= Thermal mass flow meter =

Family of instruments for the measurement of the total mass flow rate of a fluid

Temperature at the sensors varies depending upon the mass flow

Thermal mass flow meters, also known as thermal dispersion or immersible mass flow meters, comprise a family of instruments for the measurement of the total mass flow rate of a fluid, primarily gases, flowing through closed conduits. Thermal mass flow meters measure fluid mass flow rate indirectly by measuring the difference in temperature before and after a heating element. The difference in temperature measurements will vary proportionally to the mass flow rate of the fluid because of convection. Many mass flow controllers (MFC) which combine a mass flow meter, electronics and a valve are based on this design.

In the case of the thermal dispersion, or immersible, type of flow meter, the heat is transferred to the boundary layer of the fluid flowing over the heated surface. In the case of the capillary-tube type, the heat is transferred to the bulk of the fluid flowing through a small heated capillary tube. The principles of operation of the two types are both thermal in nature, but are so substantially different that two separate standards are required. Additionally, their applications are much different. Thermal dispersion flow meters are commonly used for general industrial gas flow applications in pipes and ducts, whereas capillary types are primarily used for smaller flows of clean gases or liquids in tubes. This type is most widely used for thermal mass flow meters in industry. Nevertheless, the capillary type is not the subject of this discussion.

==Thermal dispersion mass flow meter history==
The operation of thermal dispersion mass flow meters is attributed to L.V. King who, in 1914, published his famous King's Law revealing how a heated wire immersed in a fluid flow measures the mass velocity at a point in the flow. King called his instrument a "hot-wire anemometer". However, it was not until the 1960s and 1970s that industrial-grade thermal dispersion mass flow meters finally emerged.

==Industrial applications==
The primary reason thermal mass flow meters are popular in industrial applications is the way they are designed and built. They feature no moving parts, nearly unobstructed straight through flow path, require no temperature or pressure corrections and retain accuracy over a wide range of flow rates. Straight pipe runs can be reduced by using dual-plate flow conditioning elements. Thermal mass flow meters are typically used in low flow conditions because the amount of heat required for an effective measurement is proportional to flow rate.
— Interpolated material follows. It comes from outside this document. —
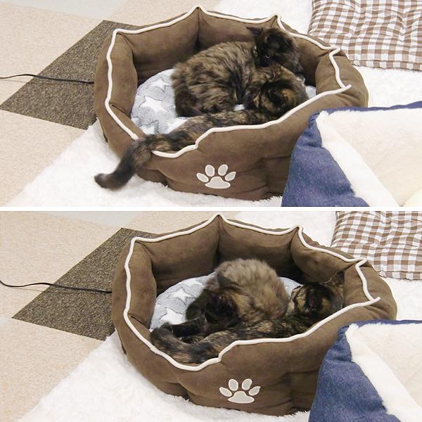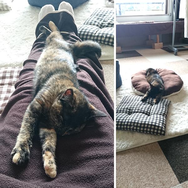 こんな体勢(写真左)で、眠くてウトウトしていても、カラは撫でられるのを嫌がります。

However, in many applications, the thermal properties of the fluid can be dependent upon fluid composition. In such applications, varying composition of the fluid during actual operation can affect the thermal flow measurement. Therefore, it is important for the thermal flow meter supplier to know the composition of the fluid so that the proper calibration factor can be used to determine the flow rate accurately. Suppliers can provide appropriate calibration information for other gas mixtures, however the accuracy of the thermal flow meter is dependent on the actual gas mixture being the same as the gas mixture used for calibration purposes. In other words, the accuracy of a thermal flow meter calibrated for a given gas mixture will be degraded if the actual flowing gas has a different composition.